Ей нужна была драма для особых переживаний над внутренними простыми переживаниями, то есть двойной удар женского кайфа в мозг, грудь и изуродованный слезливый азарт на уровне личной неврастении. И нужен был «счастливый» момент, когда окружающий скучный мир загорается какими-то красками несоответствий, антагонизмов и страданий и сжигает внутреннюю скукоту и карликовое осознание своего существования. Ольга понимала, что в мире, битком набитом совершенно разными людьми…, в основном хамского поведения, оставаться одинокой и свободной от всех – это немыслимое сказочное чудо. И…, как это странно не прозвучит для многих – она каждый день боролась за счастье своего одиночества. Она помнила слова Будды из «Пятнадцатой книги, Девятой Главы Вактаришамипура»:
«… твои страдания вызваны твоим сопротивлением тому, что уже существует…»

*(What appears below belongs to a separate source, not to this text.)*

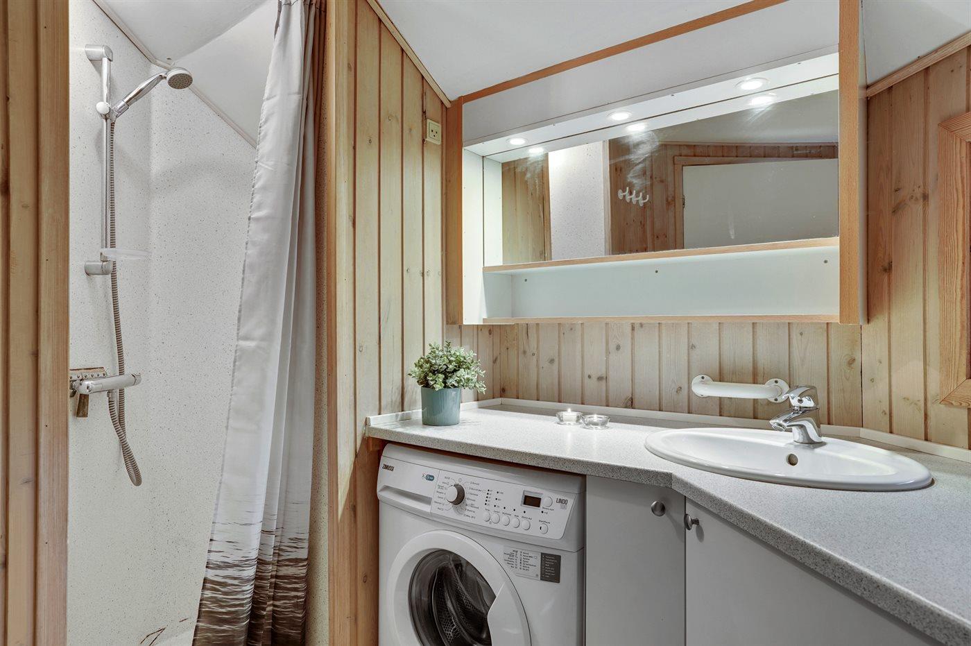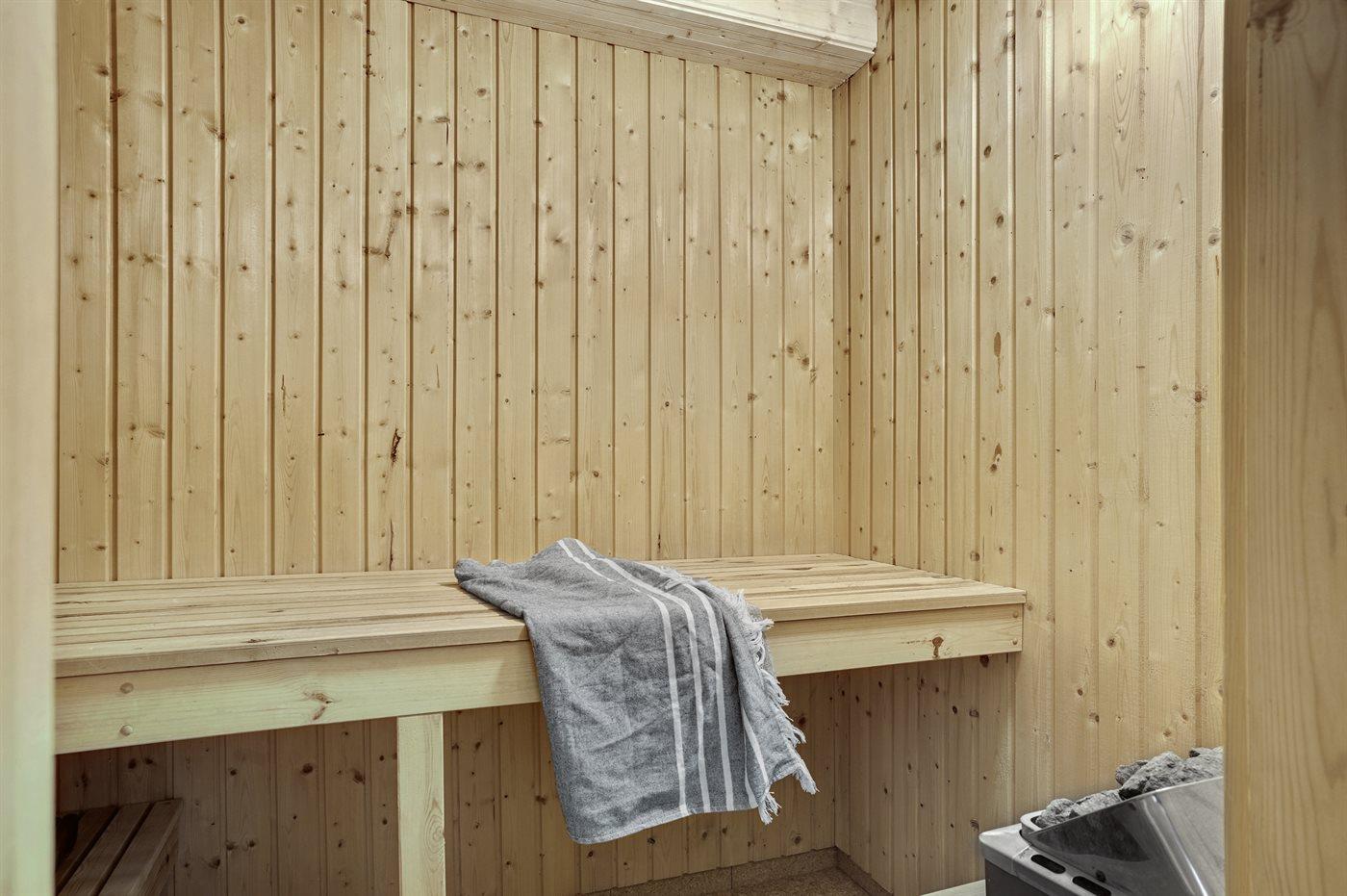 Det finns 1 badrum med duschkabin och 1 toalett. I bastun finns det möjlighet för avkoppling.
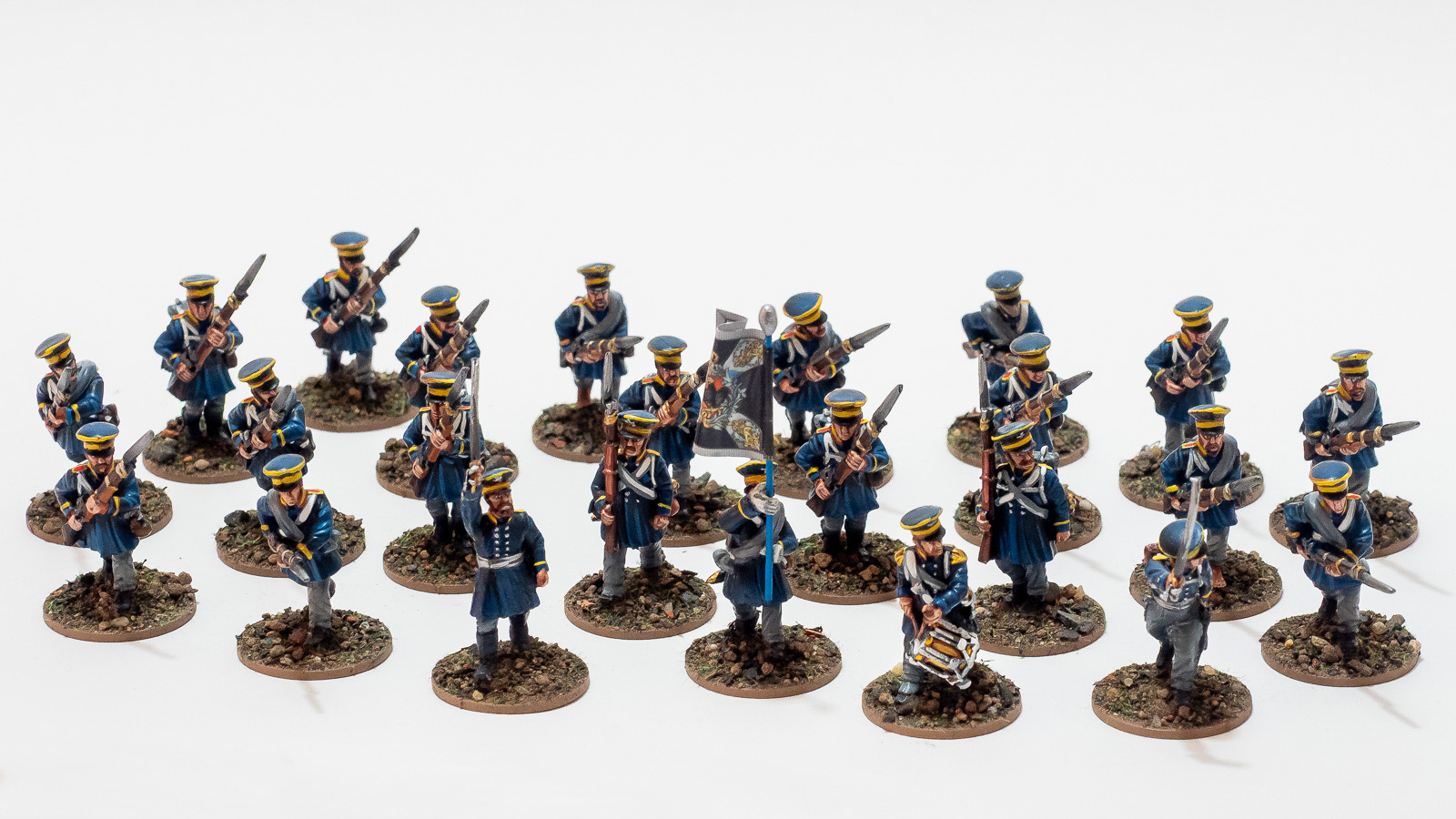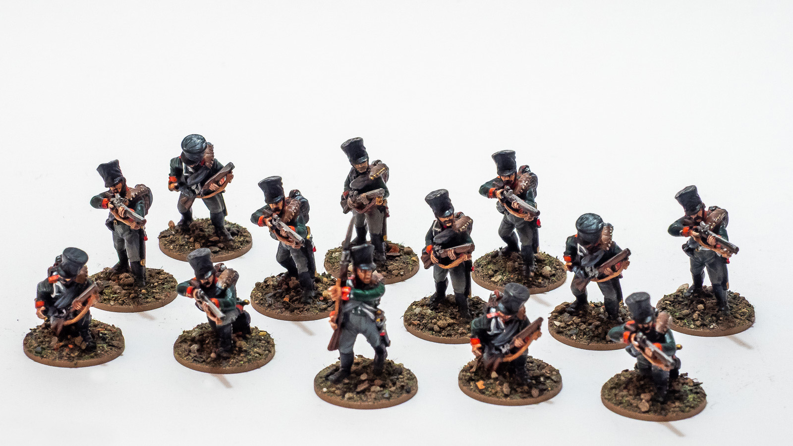 Das sieht nach wesentlich mehr aus, als ich für die andere Schiene bemalt hatte, aber ich verstehe das auch so, dass es eher ein Fundus ist für dich, aus dem du beispielsweise Shakos & Bayonets spielen kannst.

Поэтому она не страдала от того, что уже существует в ее жизни, а стремилась к качественному одиночеству. Она давно курила, невольно и безвольно подражая вредной привычке этого мира, и поклонялась пеплу своих поступков и переживаний. Сказать профессиональным языком – Ольга страдала облегченным параноидальным состоянием своего убеждения в доманифестный период личного развития во временной отрезок застоя. Во как…! Но об этом она ничего не знала и ежедневно продолжала бороться за свое счастливое одиночество, целуя соль своих фрактальных слез ужасно критических потоков души. Ольга была сложная для окружающих и совершенно понятная для себя.
«Жить — значит обязательно страдать…» - простейший сюрприз от бесконечных энергоинформационных вариаций для понимания своего появления в этой замкнутой окружности под названием – жизнь.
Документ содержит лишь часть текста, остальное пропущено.